In a deal that combines two global plastics packaging companies, Klöckner Pentaplast Group has signed an agreement to buy Linpac Group Ltd., the companies announced April 7.
The companies are already owned by the same investment firm, and the deal may foreshadow an initial public offering for the combined company later this year.
Terms of the deal were not disclosed. The transaction is subject to regulatory approvals and is scheduled to close this summer.
KP and Linpac are owned by Strategic Value Partners LLC, which does business as SVPGlobal. The Greenwich, Conn., firm specializes in distressed debt and value investments.
Linpac is based in Birmingham, England. It has been owned by SVPGlobal since 2015. Reuters had reported in November that SVPGlobal was trying to sell Linpac, and that the price tag could be $555 million.
SVPGlobal also tried to sell Montbaur, Germany-based Klöckner Pentaplast in 2014, but took the firm off the market when bids came in well below the asking price of $1.9 billion. SVPGlobal bought KP in 2012 for debt and equity of $1.3 billion.
KP has been planning an initial public offering. Reuters reported April 7 that the IPO may now be delayed until the Linpac deal is finalized.
Combining KP and Linpac could make an IPO more attractive, both because of the size of the company and the potential for synergies.
SVPGlobal could also consider spinning off pieces of the business that would be more attractive to certain buyers or IPO investors, for example the health care or food packaging businesses.
Expanding presence in food packaging
According to KP, the acquisition of Linpac will create a global leader in the rigid and flexible film market and the combined annual sales will exceed $2 billion.
“This is a highly complementary acquisition that will help KP expand our technological capabilities and presence into the food industry and the rigid and flexible film market,” said KP CEO Wayne Hewett.
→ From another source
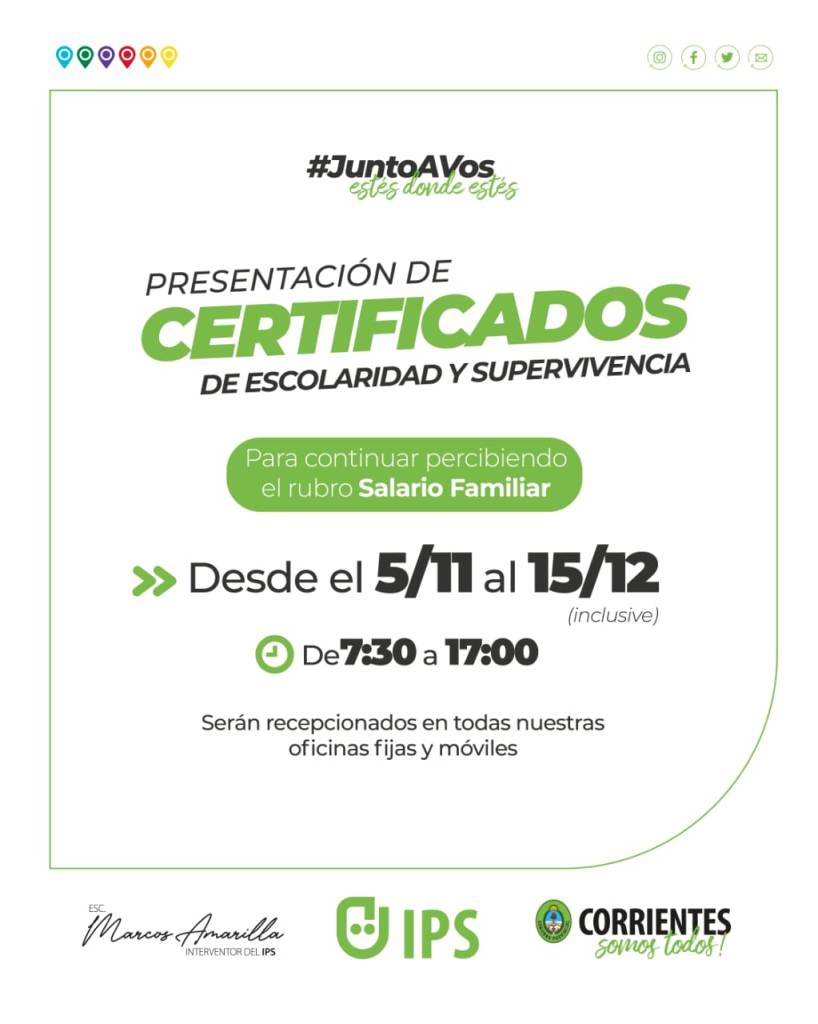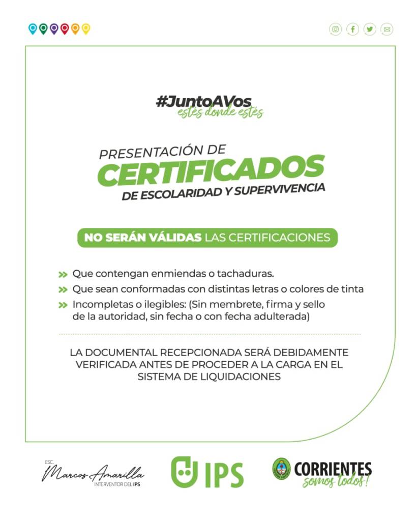 Además, quienes deseen emitir certificaciones vía web deben ser en formato PDF, con la firma digital o código QR a beneficiarios.ips@corrientes.gob.ar.

The transaction also will further develop KP’s offerings in end markets such as pharmaceuticals, food and beverage, and consumer and industrial products.
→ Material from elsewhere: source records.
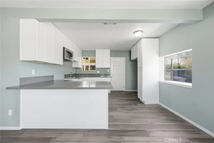 Step inside to find brand new laminate flooring in the bedrooms and stylish new tile flooring in the living room and kitchen, creating a bright and inviting space perfect for everyday living and entertaining. The fully remodeled kitchen features brand new cabinetry, sleek quartz countertops, and updated finishes, making it both functional and beautiful.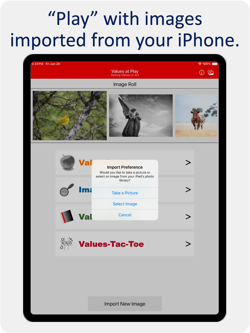 Use "Values at Play" to practice seeing values in art. Practice with one of the images included in the app or import your own image. Values at Play includes: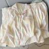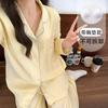 (No bust pads) [Cloud Cotton] Yellow Plaid Blue Trim (Long Sleeve + Long Pants)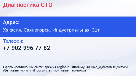 Диагностика, СТО по адресу Хакасия, Саяногорск, Индустриальная, 31т в дальнейшем Организация, размещена в следующих категориях:

“We are excited to join forces with KP and believe this transaction will significantly accelerate Linpac’s geographic expansion,” said Daniel Dayan, CEO of Linpac.
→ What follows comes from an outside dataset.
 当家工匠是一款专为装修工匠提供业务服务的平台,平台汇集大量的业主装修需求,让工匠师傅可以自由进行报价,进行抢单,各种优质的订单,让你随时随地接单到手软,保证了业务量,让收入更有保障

The strategic rationale behind the move is to create a one-stop-shop with the combination of the two film production capabilities. KP said the acquisition will expand its technological capabilities.
Additionally, KP expects to create an “R&D powerhouse” through the acquisition and to provide “tailor-made” products for customers.
Together, KP and Linpac will have 32 locations across 16 countries with about 6,300 employees. In North America, KP ranks No. 13 in the Plastics News survey of film and sheet manufacturers with estimated sales of $635 million.
The consolidated group will be led by Hewett. Dayan will lead the food packaging business.